- Abbreviation: BJP
- President: Rajeev Chandrasekhar
- Founded: 6 April 1980 (46 years ago)
- Headquarters: Thiruvananthapuram, Kerala - 695014
- Student wing: Akhil Bharatiya Vidyarthi Parishad
- Colours: Saffron
- Alliance: National Democratic Alliance
- Seats in Rajya Sabha: 0 / 9
- Seats in Lok Sabha: 1 / 20
- Seats in Kerala Legislative Assembly: 3 / 140

Election symbol
- Lotus

Party flag

Website
- www.keralabjp.org

= Bharatiya Janata Party – Kerala =

Kerala affiliate of the Bharatiya Janata Party

The Bharatiya Janata Party – Kerala , is the Kerala state unit of the Bharatiya Janata Party (BJP), a major national political party in India. While BJP has held significant power at the national level, its influence in Kerala has historically been limited, given the dominance of the Left Democratic Front (LDF) led by the Communist Party of India (Marxist) and on the other side, the United Democratic Front (UDF) alliance particularly the Indian National Congress.

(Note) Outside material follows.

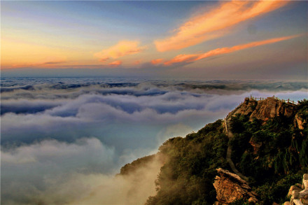 神奇的平流霧猶如仙境,十分壯觀,整個(gè)花果山在平流霧若隱若現(xiàn)宛如海市蜃樓,猶如仙境般迷人陽(yáng)光下大片云海如飄蕩的棉絮,上下翻涌,山巒被浩渺的云海淹沒(méi),汪洋一片,似海非海,把花果山的景色裹得忽隱忽現(xiàn),宛若仙境,云海將這座《西游記》中描寫(xiě)的“仙山”裝扮得格外迷人,讓游客驚嘆不已。

Despite this, the party has steadily built a base in urban pockets through active participation in socio-political movements and national support since the premiership of Narendra Modi in form of media dominance, corporate funding and organisational expansion. Historically a minor player in Kerala's electoral politics, BJP won its first assembly constituency in 2016 by winning in Nemom and Suresh Gopi became the first BJP MP elected from Kerala in 2024. BJP Kerala is headquartered in Thiruvananthapuram and is currently led by Rajeev Chandrasekhar. It currently has 3 seats in Kerala state legislative assembly.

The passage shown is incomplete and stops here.